Another reason, Gates said, is that the military's decision-making process has become bogged down.

By way of illustration, Gates recounted the beleaguered history of a deployment request that landed on his desk to send a single dog-handling team to Afghanistan. The paperwork first had to be approved by five four-star commanders: the chief of U.S. Central Command, the commander of the International Security Assistance Force in Afghanistan; the chairman of the Joint Chiefs of Staff; the Army chief of staff; and the supreme allied commander for Europe.

Analysts said there are some legitimate reasons why the number of brass has increased disproportionately to the size of the armed forces. Some commanders have been activated temporarily from the reserves to take part in the wars in Afghanistan and Iraq. The military has also placed more emphasis on joint operations involving all the armed services, resulting in more high-level commands.

Raymond F. DuBois, a defense official during the George W. Bush administration, said he would advise Gates to take a methodical approach by targeting 20 percent of all four-star commanders and reclassifying their jobs as three-star generals and admirals.
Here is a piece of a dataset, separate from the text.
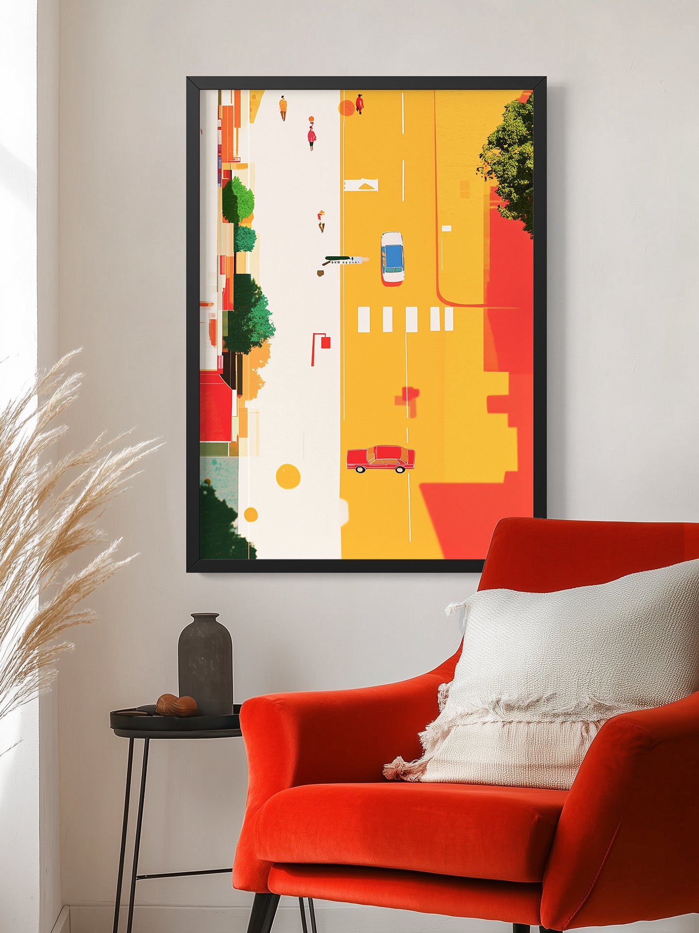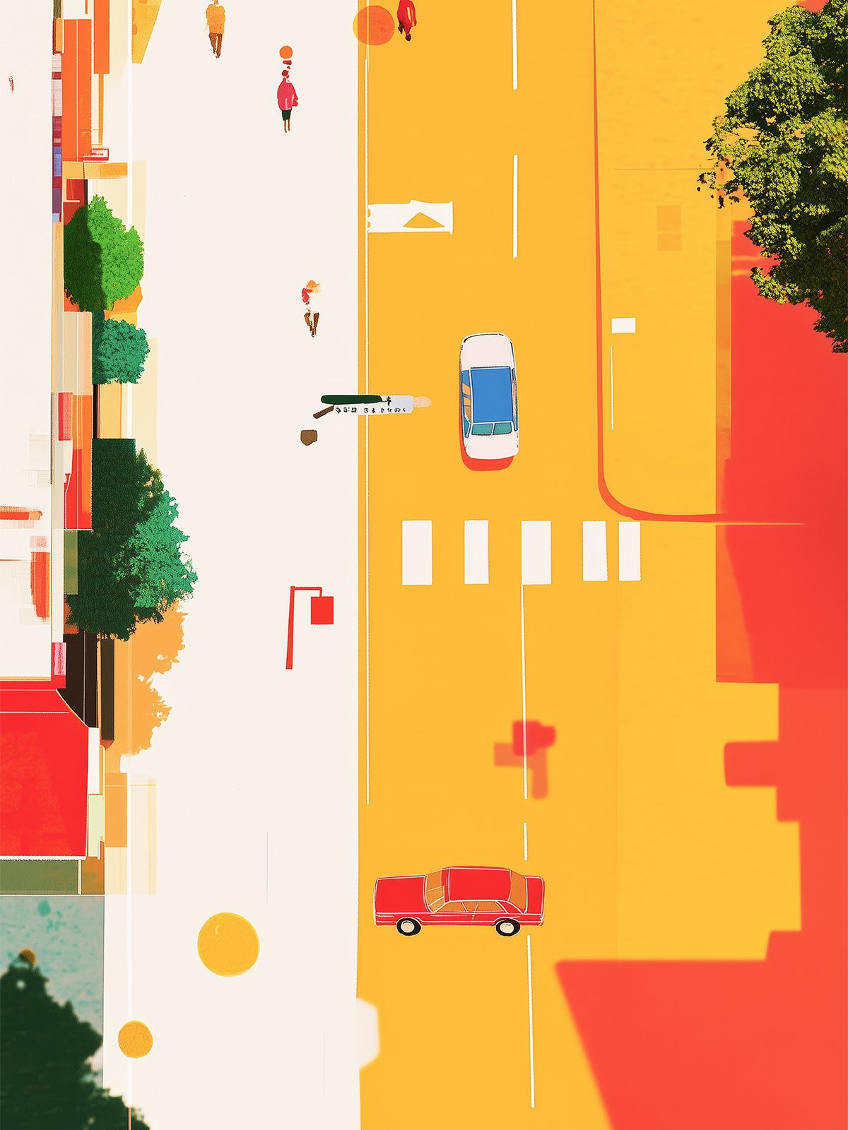 Seen from above, the city street unfolds in warm yellows and reds. Cars and pedestrians move calmly through the light, creating a rhythmic, minimal scene that celebrates everyday urban life and gentle motion.
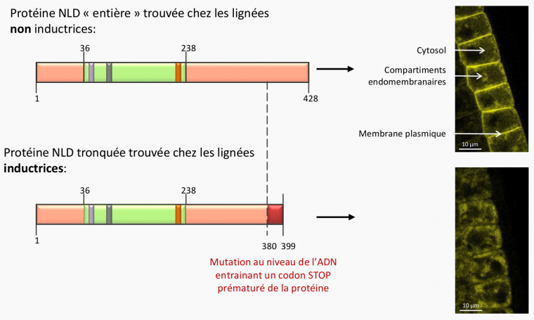 Ces plantes inductrices sont actuellement très largement utilisées comme outil dans les schémas de sélection du maïs afin de produire rapidement des lignées fixées. Cependant, les mécanismes cellulaires et moléculaires sous-jacents restent inconnus. Nos travaux de recherche, qui visent à comprendre comment un pollen provenant de plantes inductrices déclenche le développement d’une cellule œuf en embryon haploïde, nous ont récemment permis d’identifier un gène majeur intervenant dans ce processus (Gilles et al., 2017). Nous avons baptisé ce gène « Not Like Dad » (=NLD), ce qui se traduit par « pas comme papa », puisque l’information génétique du père ne se retrouve pas dans la descendance. Nous avons identifié une mutation dans ce gène qui est responsable de l’induction de plantes haploïdes (Figure 3). Cette mutation est présente dans toutes les lignées inductrices et absente dans toutes les autres lignées de maïs analysées. Une preuve de l’implication de ce gène NLD dans l’induction de plantes haploïdes a été apportée par l’expérimentation suivante : l’ajout du gène NLD intact à une lignée inductrice entraîne la perte de la capacité d’induction d’haploïde.

Then he would take 20 percent of the three-star officers and take them down to two stars, and keep doing the same until the ranks are flattened out. "Start with the top, don't start with the bottom," he said.

But DuBois added that he would be reluctant to cut many one-star jobs, which he said are necessary to keep as career incentives for ambitious colonels and captains.

"In a military that needs to retain its best and brightest," said DuBois, a senior adviser at the Center for Strategic and International Studies, "it is an enormously important retention factor."